The Source Processor 302 is configured to generate fingerprints F(i) from the source M, to obtain the initial hierarchical security level L(M) of the source M, and to pass these values to the Comparator to DFL 304.


The Comparator to DFL 304 is configured to compare fingerprints F(i) generated by the Source Processor 302 from source M to the fingerprints F(X) stored within the DFL. The comparator to DFL 304 is further configured to compare the current hierarchical security level L(M) of the source M to the hierarchical security level L(X) of the matching fingerprints F(X) from DFL and, in the case if L(M) is less than L(X), to set L(M) to equal to L(X).

Claims
  • 1. A method for automatically assigning a hierarchical security level to a source M of fingerprints F(i) of N-fragments K(i) with the initial hierarchical security level L(M) with the use of a digital fingerprint library containing fingerprints F(X) of N-fragments K(X) and their hierarchical security levels L(X), the method comprising the steps of: a. generating one or more fingerprints F(i) from the source M;b. detecting presence of fingerprint F(X) within DFL such that F(X)=F(i); andc. in presence of a match: i. comparing the current hierarchical security level L(M) of the source M to the hierarchical security level L(X) corresponding to the fingerprint F(X) matching the fingerprint F(i); andii. in the case when L(X)>L(M), setting L(M) to be equal to L(X).
  • 2. The method according to claim 1, wherein a fingerprint of an N-fragment is its hash value or the N-fragment itself.
  • 3. The method according to claim 1, that further comprises setting the initial hierarchical security level L(M) of the source M to the lowest possible value or according to another predefined rule if the security level L(M) is not assigned to M.
  • 4. The method according to claim 1, wherein the source M is a file or a database of fingerprints F(i), N-fragments K(i) or their sources.

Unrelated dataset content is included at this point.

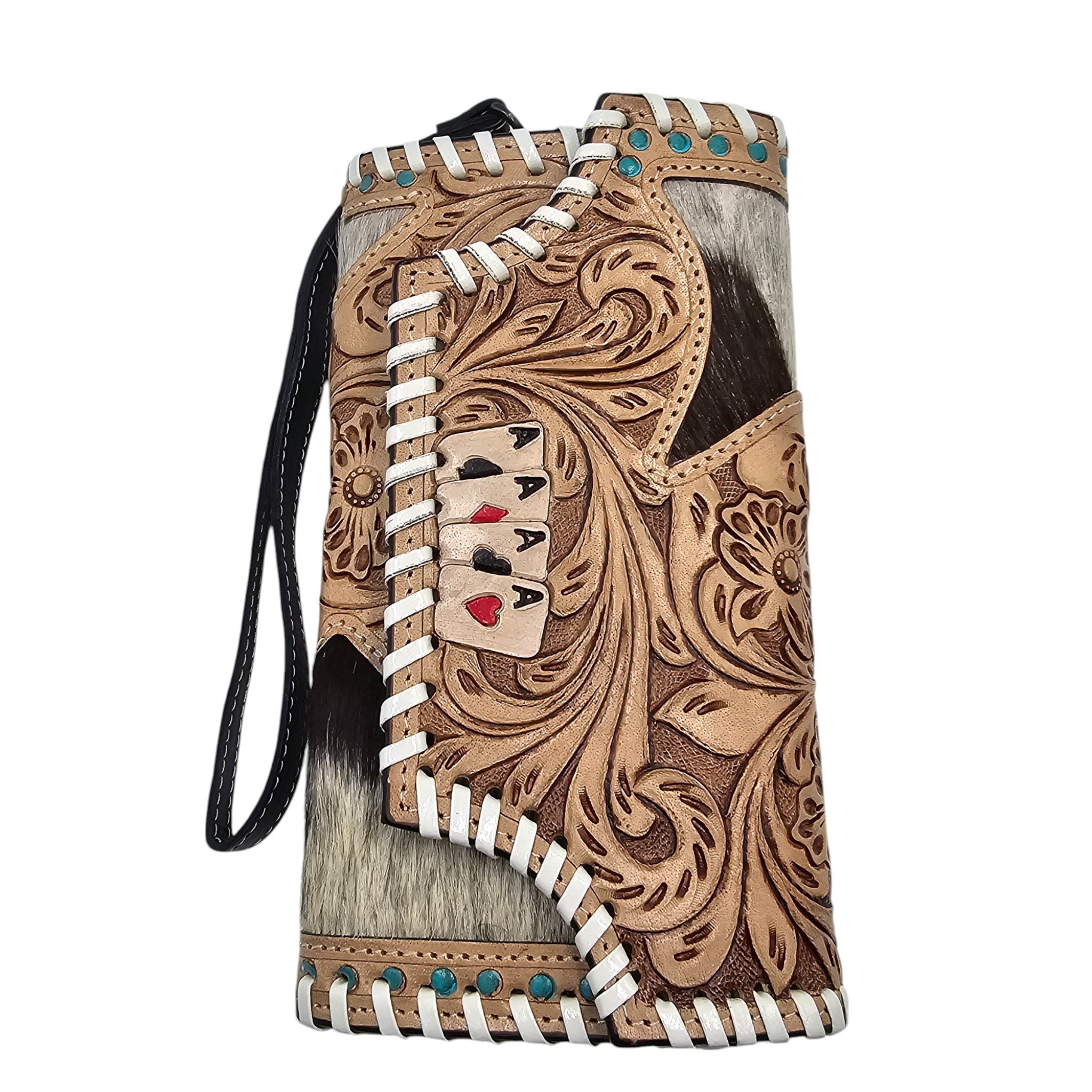 The Montana Twist Genuine Leather Cowhide Aces Wallet is made from high-quality leather and features a stunning white stitching design. With its durable and stylish design, this wallet is not only a practical choice for storing your essentials, but also a fashion statement that will elevate your style.
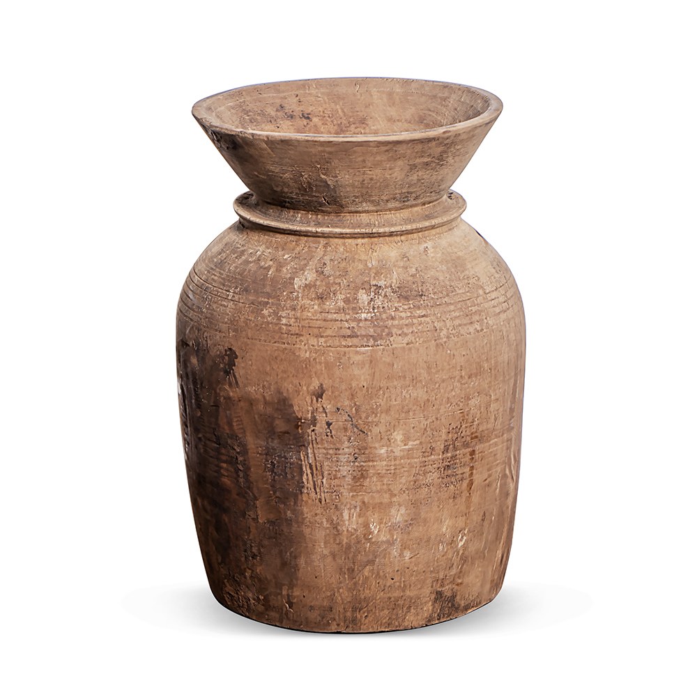 多年來他們不再使用這些木製頸盆,所以它們被儲存了很多年。為了收集它們,人們必須在隱蔽的小山村裡挨家挨戶收集。富有文化洗練過的復古木罐是最美妙、質樸的展示品,非常適合放置乾燥花或人造花。

  • 5. The method according to claim 1, wherein the step of generating a fingerprint F(i) from source M further comprises the step of generating an N-fragment K(i) from the source M first, followed by the generation of the fingerprint F(i) from the N-fragment K(i).
  • 6. The method according to claim 5, further comprising the step of generating N-fragments K(i) from a file M using the sliding window method.
  • 7. A system for automatically assigning a hierarchical security level to a source M of fingerprints F(i) of N-fragments K(i) and initial hierarchical security level L(M) using the digital fingerprint library DFL that contains fingerprints F(X) of N-fragments K(X) and their hierarchical security levels L(X), the system comprising: a. a Source Processor configured to determine the initial hierarchical security level L(M) of the source M and to generate fingerprints F(i) for comparison against DFL;b. a Comparator to DFL coupled to Source Processor and configured to: i. for fingerprints F(i) generated from the source M, detect presence of fingerprints F(X) in DFL such that F(i)=F(X); andii. in presence of the match, compare the current hierarchical security level L(M) of the source M to the hierarchical security level L(X) corresponding to the identified fingerprint F(X) such that F(X)=F(i) and, if L(X)>L(M), change the hierarchical security level L(M) of the source M to equal to L(X).
  • 8. The system according to claim 7, wherein the fingerprint F of the N-fragment K is its hash value or the N-fragment itself.
  • 9. The system according to claim 7, wherein the Source Processor sets the initial hierarchical security level L(M) of the source M to the lowest possible value or according to another predefined rule if that value is not set.
  • 10. The system according to claim 7, wherein the source M is a file or a database of fingerprints, N-fragments, or their sources.
  • 11. The system according to claim 7, wherein the source M is a file, and Source Processor extracts N-fragments from it using the sliding window process a part of the process of generation of fingerprints.